Con la nostra guida abbiamo guidato fino al primo alloggio vicino Moshi che ci ha ospitato per la notte di ristoro prima la camminata del giorno dopo.
Partiti di buon ora ci abbiamo raggiunto il villaggio di Moshi si piedi della montagna. Una volta arrivati all’ingresso del parco del Kilimangiaro e fatte tutte le dovute carte per entrare abbiamo iniziato la camminata. Noi abbiamo scelto il percorso che loro chiamano coca cola, ovvero quello più semplice. Sono circa 3h 30m di cammino a/r abbastanza in piano. Avendo poco tempo a disposizione abbiamo voluto comunque assaporare la foresta pluviale che ricopre la montagna fino ad una certa altitudine. Ovviamente con guide e sherpa é possibile raggiungere la vetta a 5800mt. Non è possibile accedere al parco senza guida. Nel parco é possibile incontrare animali, spesso scimmie, quella bianca e nera in particolare é visibile solo qui e nel parco di Arusha.
Una volta finito il percorso ci siamo diretti verso Arusha per la notte. Piccola curiosità su Arusha, é la capitale turistica definita clock town ed è a metà tra Il Cairo e Cape Town.
Il primo giorno di Safari l’abbiamo passato nel parco nazionale del Tarangire. è un’area naturale protetta della Tanzania settentrionale. Si trova un centinaio di chilometri ad ovest di Arusha, sulla strada che conduce a Dodoma, a sudest del lago Manyara. Prende il nome dal fiume Tarangire, che lo attraversa, tara:fiume e ngire:facocero. È un parco che ti dà la sensazione di vastità con la sue immense praterie anche se interrotte spesso da vegetazione locale. Sono presenti praticamente tutte le specie di animali, erbivori e carnivori. La sua bellezza sta nel fatto che è “facile” poterli avvistare vista la bassa vegetazione. Bisogna avere pazienza e un buon occhio. Nel mese di ottobre le temperature sono accettabili e sono presenti non moltissime auto Safari.
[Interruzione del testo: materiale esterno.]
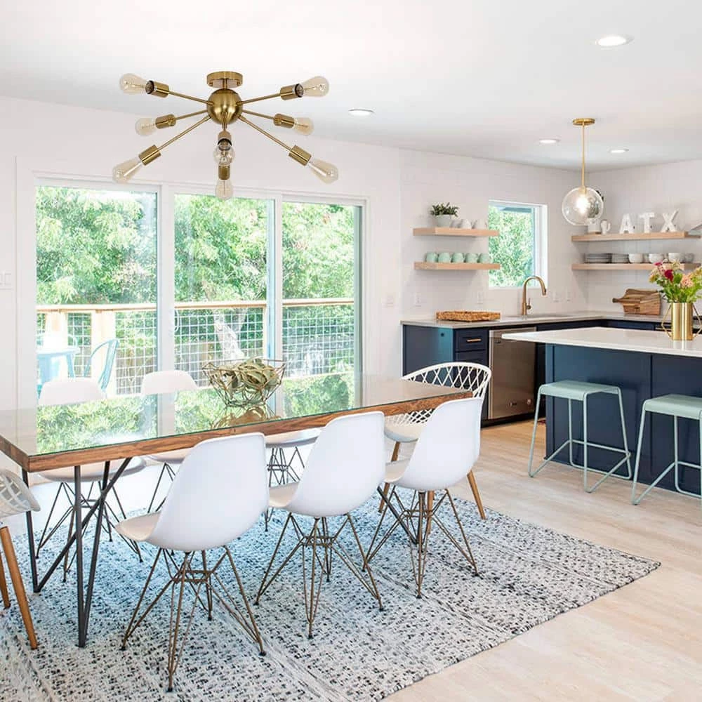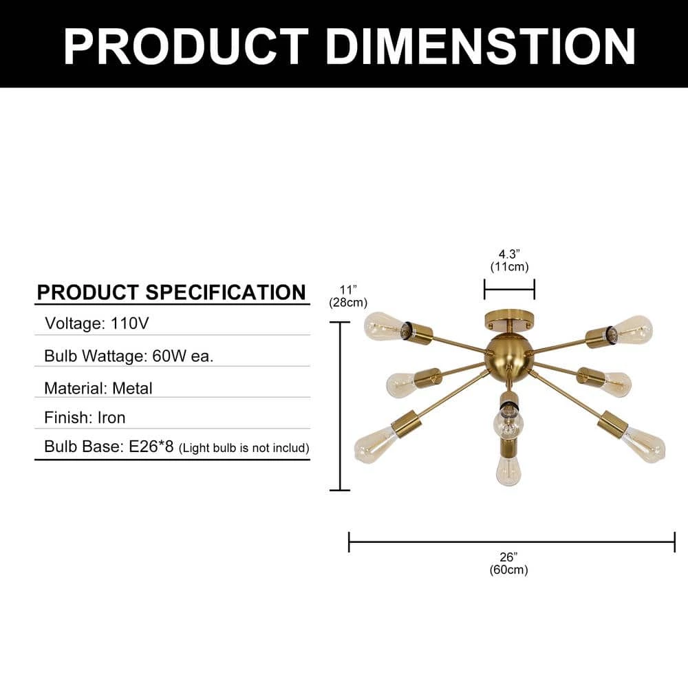 This gold flush mount ceiling light fixture with the unique sputnik design is the perfect decoration for the modern or farmhouse home.It adds industrial style elements to update for home decoration. It’s the perfect sputnik chandelier to install in the bedroom, living room, dining room, foyers, kitchen, and any room you like.

Sempre in partenza alle ore 8 ci siamo diretti verso il parco del Lake Manyara. Costituito da una striscia di terra lunga circa 50 km e larga tra i 6 e gli 8 km che include il lago omonimo e si estende fino al ripido versante occidentale della Rift Valley. Questo parco, che dal 1981 è riserva della biosfera, é molto differente dal precedente perché non presenta pianura ma una vegetazione fittissima molto interessante ma che rende più arduo il trovare gli animali. Qui c’è la possibilità di avvistare i leoni sugli alberi, con moooolta fortuna. È un posto molto speciale perchè ti mette alla prova nella ricerca degli animali che di certo non aspettano i turisti per farsi vedere.
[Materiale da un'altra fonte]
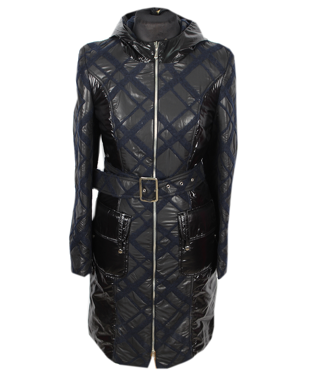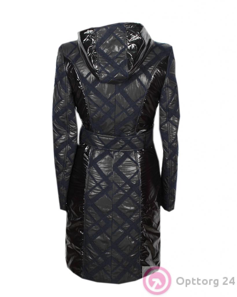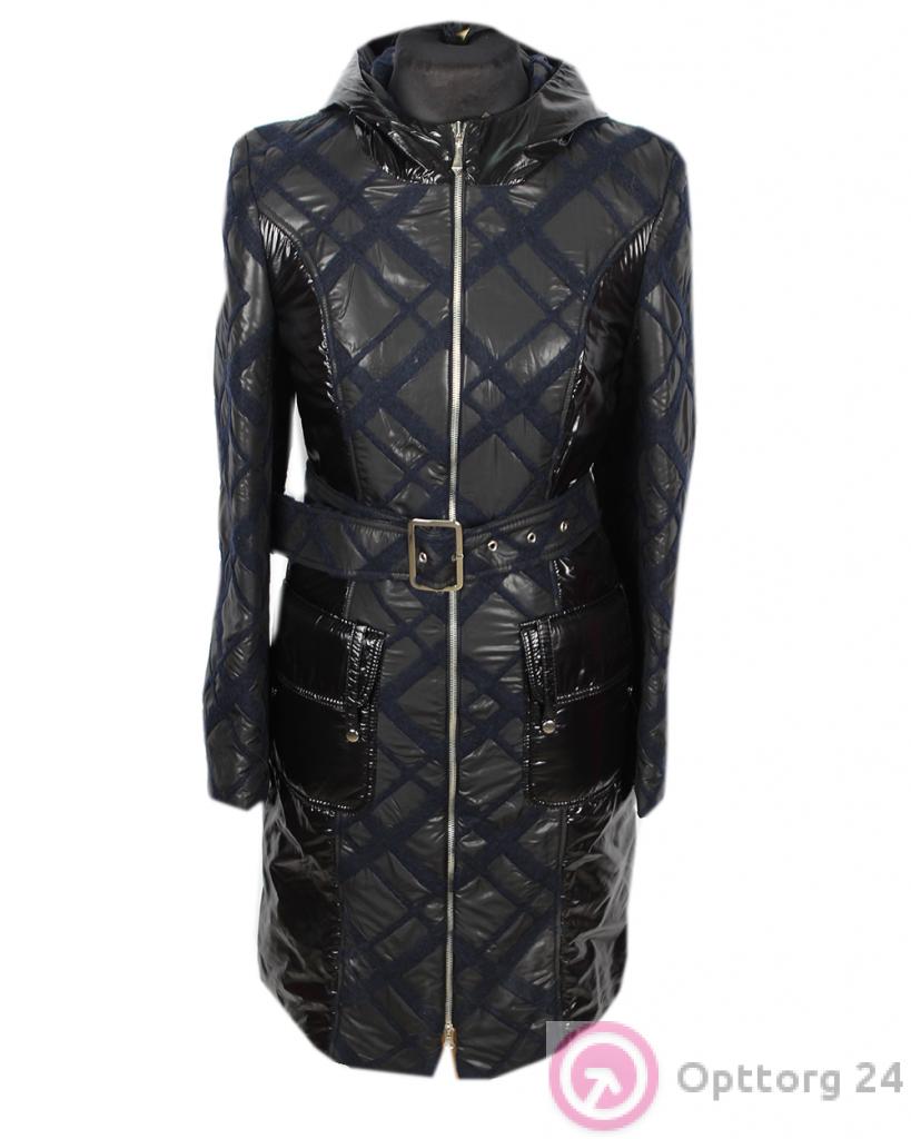 Модное женское пальто из комбинированных материалов. Изделие дополнено поясом. Застежка - молния.

Nella seconda parte della giornata abbiamo deciso di avvicinarci alle persone del luogo visitando il villaggio di Iraqwi e alla loro piantagione di caffè, molto utilizzato in Tanzania. Questa popolazione che un tempo viveva all’interno della riserva del Ngorongoro, si è dovuta ritirare in seguito alla sconfitta con i Masai che risiedono attualmente nel parco. Gli Iraqwi attualmente risiedono nella regione di Arusha e del Lake Manyara fanno capo allo stato della Tanzania ma sono in tutto e per tutto una tribù autonoma. I villaggi vicini si aiutano reciprocamente nei lavori agricoli o in caso di malattie o di attacchi da parte di altri popoli; più villaggi costituiscono una contea o provincia che viene governata da un consiglio di anziani che solitamente prendono decisioni importanti per garantire il benessere di tutti.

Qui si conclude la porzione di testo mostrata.